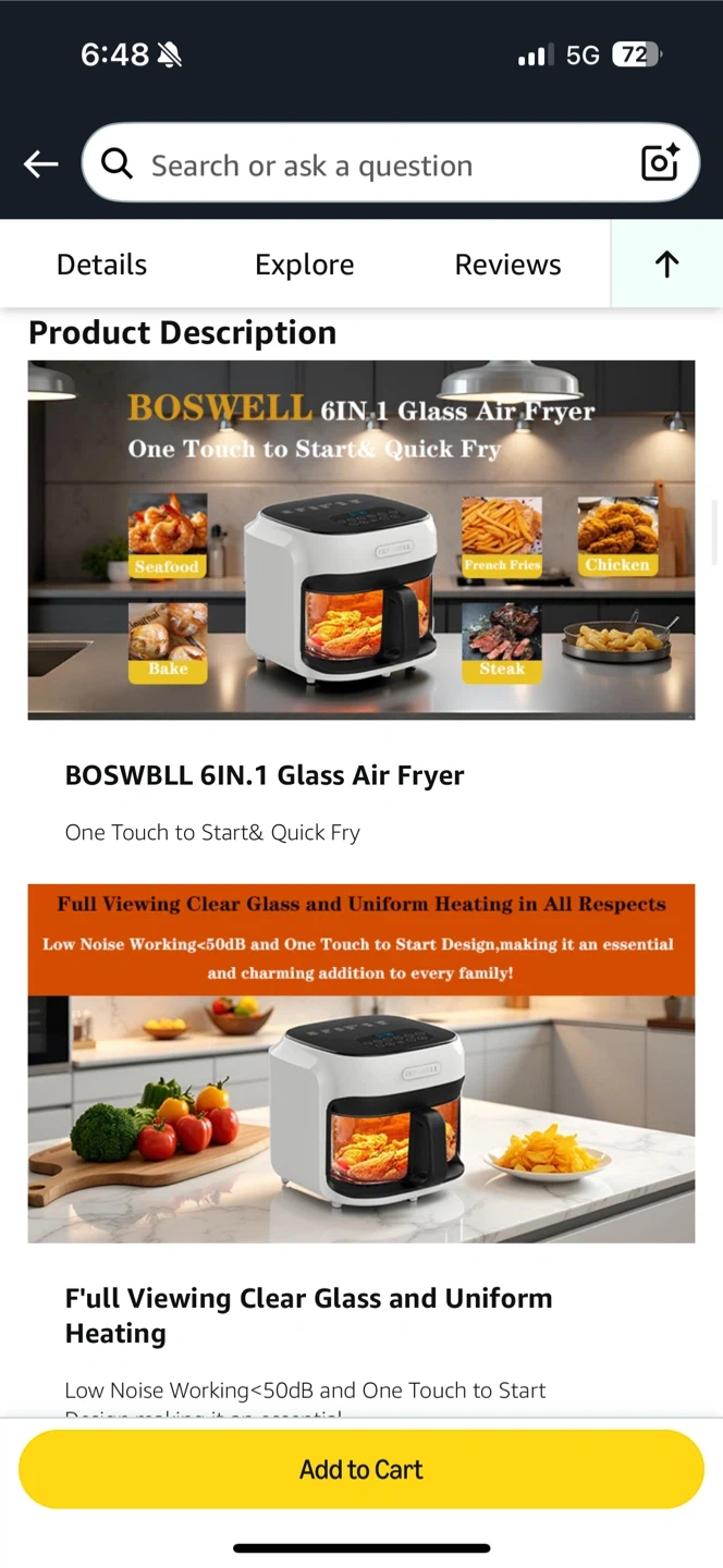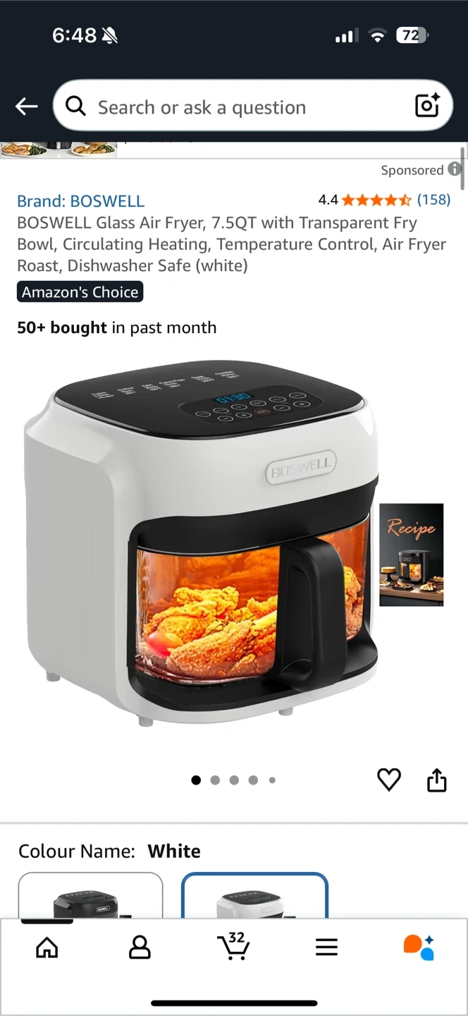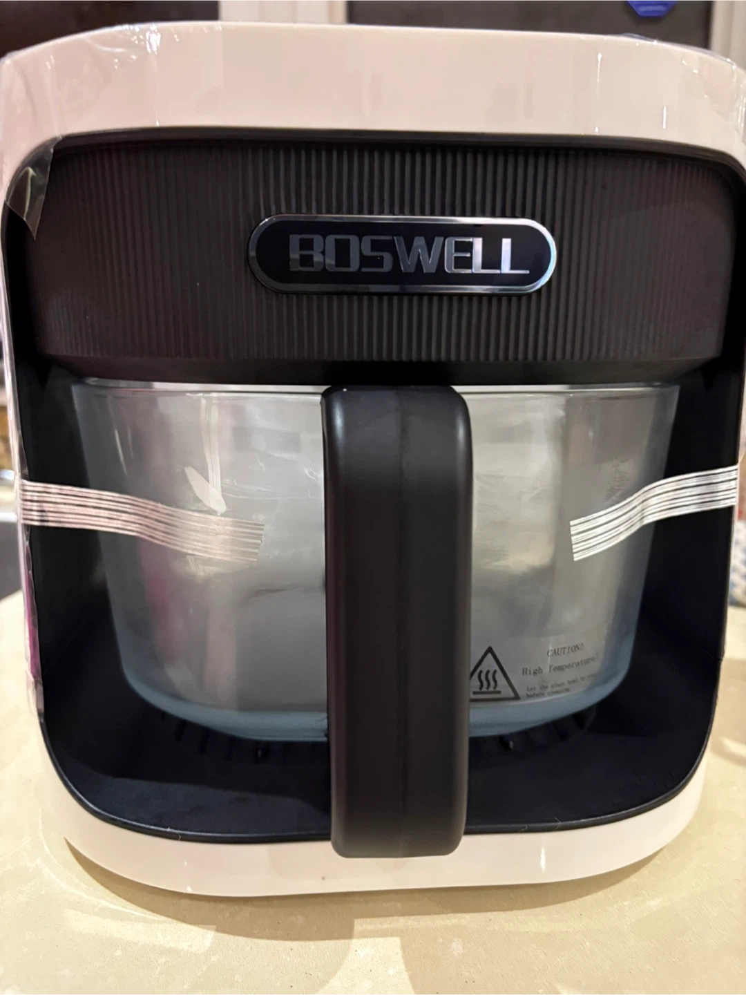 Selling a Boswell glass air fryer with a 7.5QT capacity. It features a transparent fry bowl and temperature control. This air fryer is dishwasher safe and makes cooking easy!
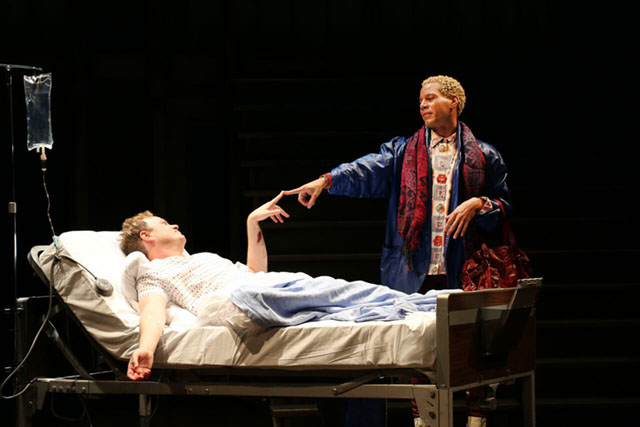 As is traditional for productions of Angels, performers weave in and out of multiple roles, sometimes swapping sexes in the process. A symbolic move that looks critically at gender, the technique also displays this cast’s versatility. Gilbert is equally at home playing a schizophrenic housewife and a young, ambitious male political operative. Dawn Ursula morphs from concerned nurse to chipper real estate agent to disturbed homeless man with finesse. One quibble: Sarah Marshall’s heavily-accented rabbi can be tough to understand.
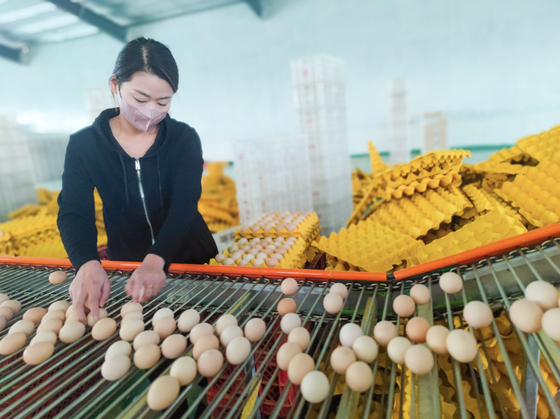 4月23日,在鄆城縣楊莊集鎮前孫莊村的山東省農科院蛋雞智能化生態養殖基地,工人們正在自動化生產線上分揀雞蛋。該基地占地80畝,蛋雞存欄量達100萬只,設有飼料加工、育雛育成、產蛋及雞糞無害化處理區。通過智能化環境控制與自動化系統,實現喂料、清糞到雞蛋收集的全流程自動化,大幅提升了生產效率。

...

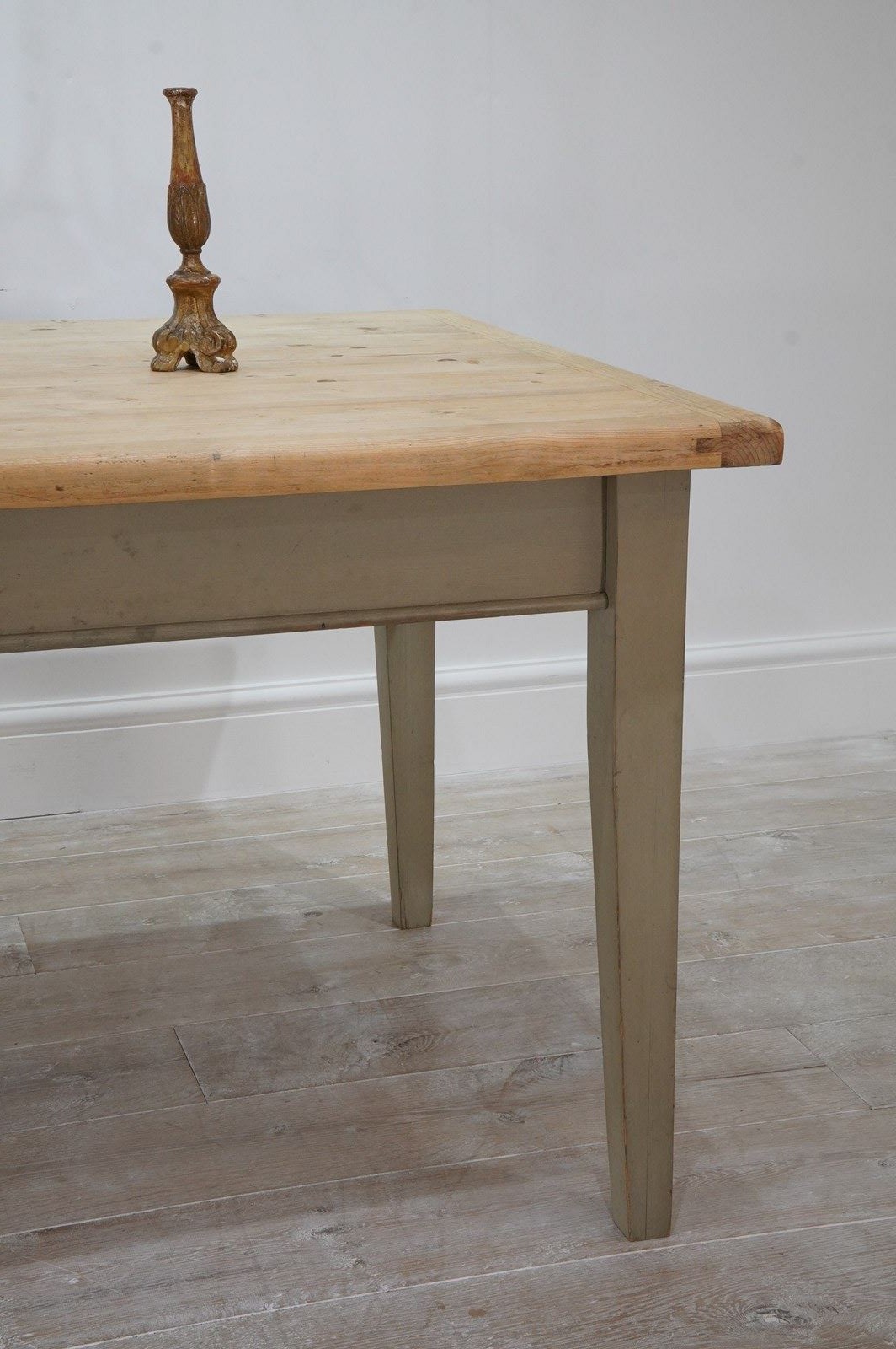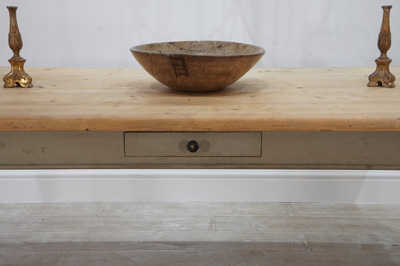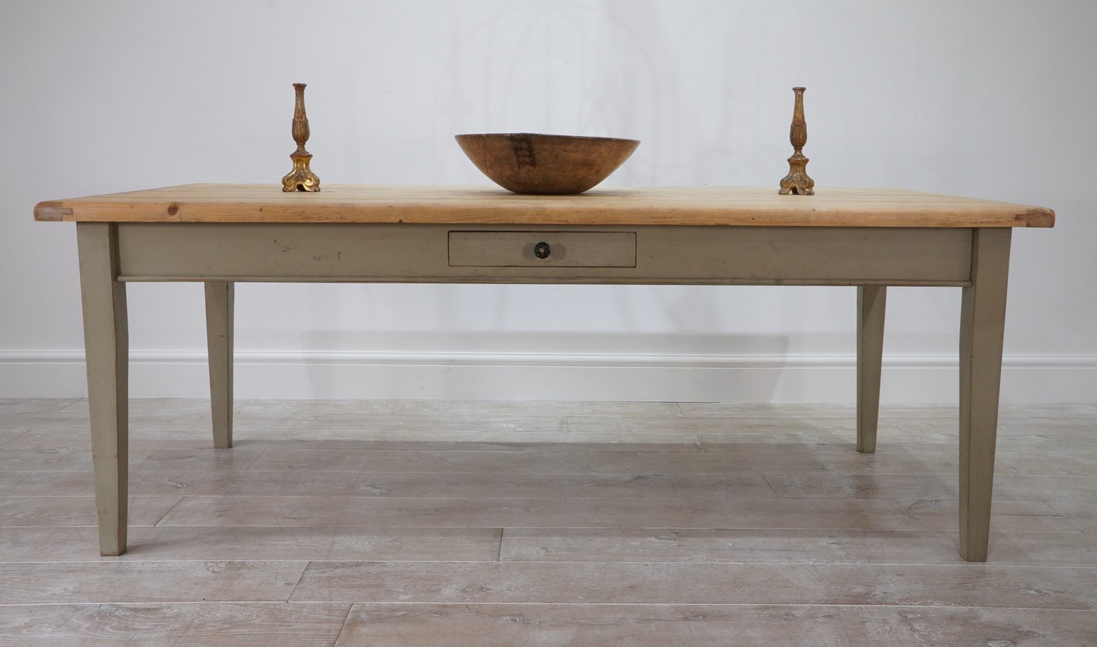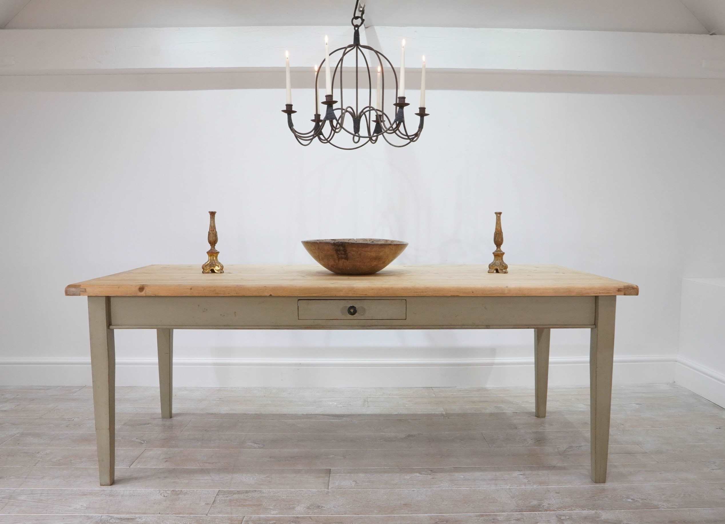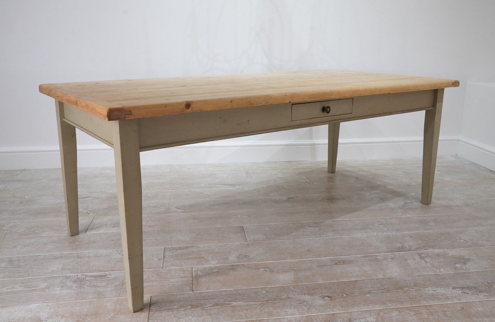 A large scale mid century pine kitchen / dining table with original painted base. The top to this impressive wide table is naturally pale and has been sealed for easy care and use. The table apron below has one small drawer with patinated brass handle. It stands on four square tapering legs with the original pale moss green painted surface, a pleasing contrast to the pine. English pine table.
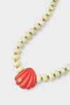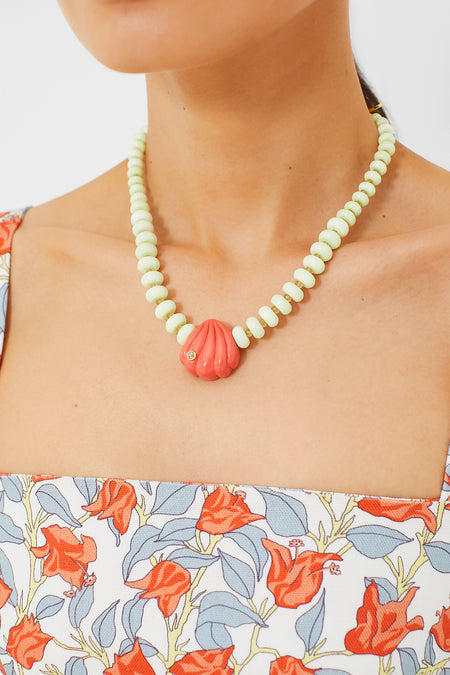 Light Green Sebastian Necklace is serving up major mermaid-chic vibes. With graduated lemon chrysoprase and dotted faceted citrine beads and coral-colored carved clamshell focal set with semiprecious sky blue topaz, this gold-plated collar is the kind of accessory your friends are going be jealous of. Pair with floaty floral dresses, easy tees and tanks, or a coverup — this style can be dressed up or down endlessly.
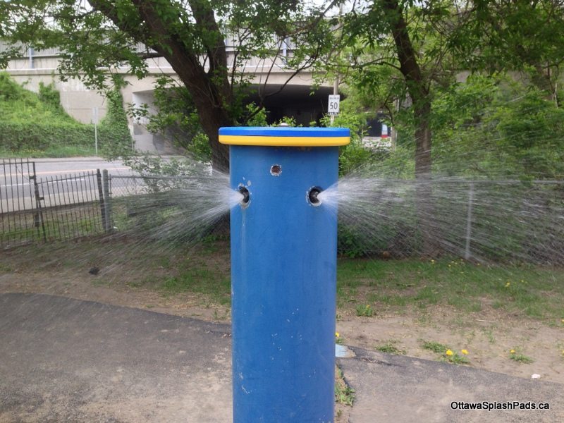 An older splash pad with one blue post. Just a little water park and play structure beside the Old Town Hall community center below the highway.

--

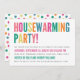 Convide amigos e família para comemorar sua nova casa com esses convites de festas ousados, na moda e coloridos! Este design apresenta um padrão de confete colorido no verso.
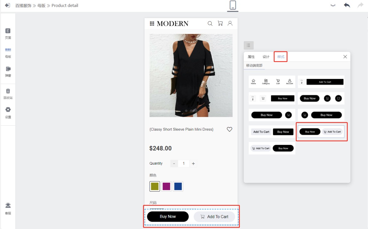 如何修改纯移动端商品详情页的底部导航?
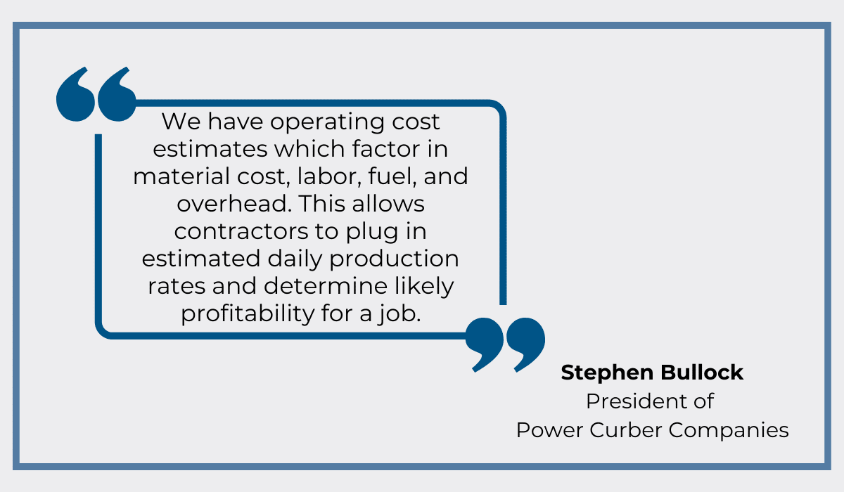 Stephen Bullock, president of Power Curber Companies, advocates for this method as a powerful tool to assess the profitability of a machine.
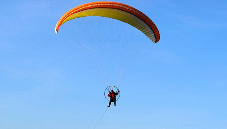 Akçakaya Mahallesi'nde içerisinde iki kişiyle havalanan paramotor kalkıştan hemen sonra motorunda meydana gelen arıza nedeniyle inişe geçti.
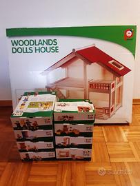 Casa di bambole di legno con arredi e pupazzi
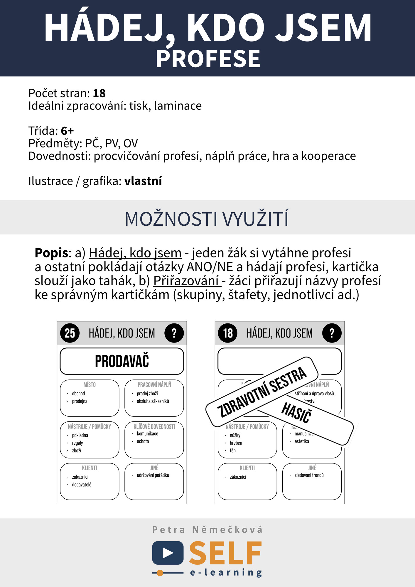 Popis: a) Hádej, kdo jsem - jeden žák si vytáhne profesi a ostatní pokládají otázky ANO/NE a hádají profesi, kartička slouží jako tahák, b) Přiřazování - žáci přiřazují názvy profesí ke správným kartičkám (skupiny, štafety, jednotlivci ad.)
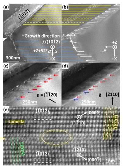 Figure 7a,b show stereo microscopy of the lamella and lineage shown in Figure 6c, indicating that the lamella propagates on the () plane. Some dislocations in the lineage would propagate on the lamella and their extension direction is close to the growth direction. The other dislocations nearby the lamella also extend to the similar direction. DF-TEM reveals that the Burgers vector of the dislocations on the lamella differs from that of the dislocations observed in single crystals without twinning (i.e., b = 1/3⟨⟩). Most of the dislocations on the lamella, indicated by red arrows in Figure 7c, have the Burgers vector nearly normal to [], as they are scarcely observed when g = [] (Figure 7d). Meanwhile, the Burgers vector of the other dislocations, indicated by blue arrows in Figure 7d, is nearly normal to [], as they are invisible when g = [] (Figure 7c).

■ Instructions for the task ■
Above are some entries; copy exactly the lines from the line with "Convide amigos e" through the line with "如何修改纯移动端商品详情页的底部导航?", both included, but none of the pictures.

■ Your solution ■
 Convide amigos e família para comemorar sua nova casa com esses convites de festas ousados, na moda e coloridos! Este design apresenta um padrão de confete colorido no verso.
 如何修改纯移动端商品详情页的底部导航?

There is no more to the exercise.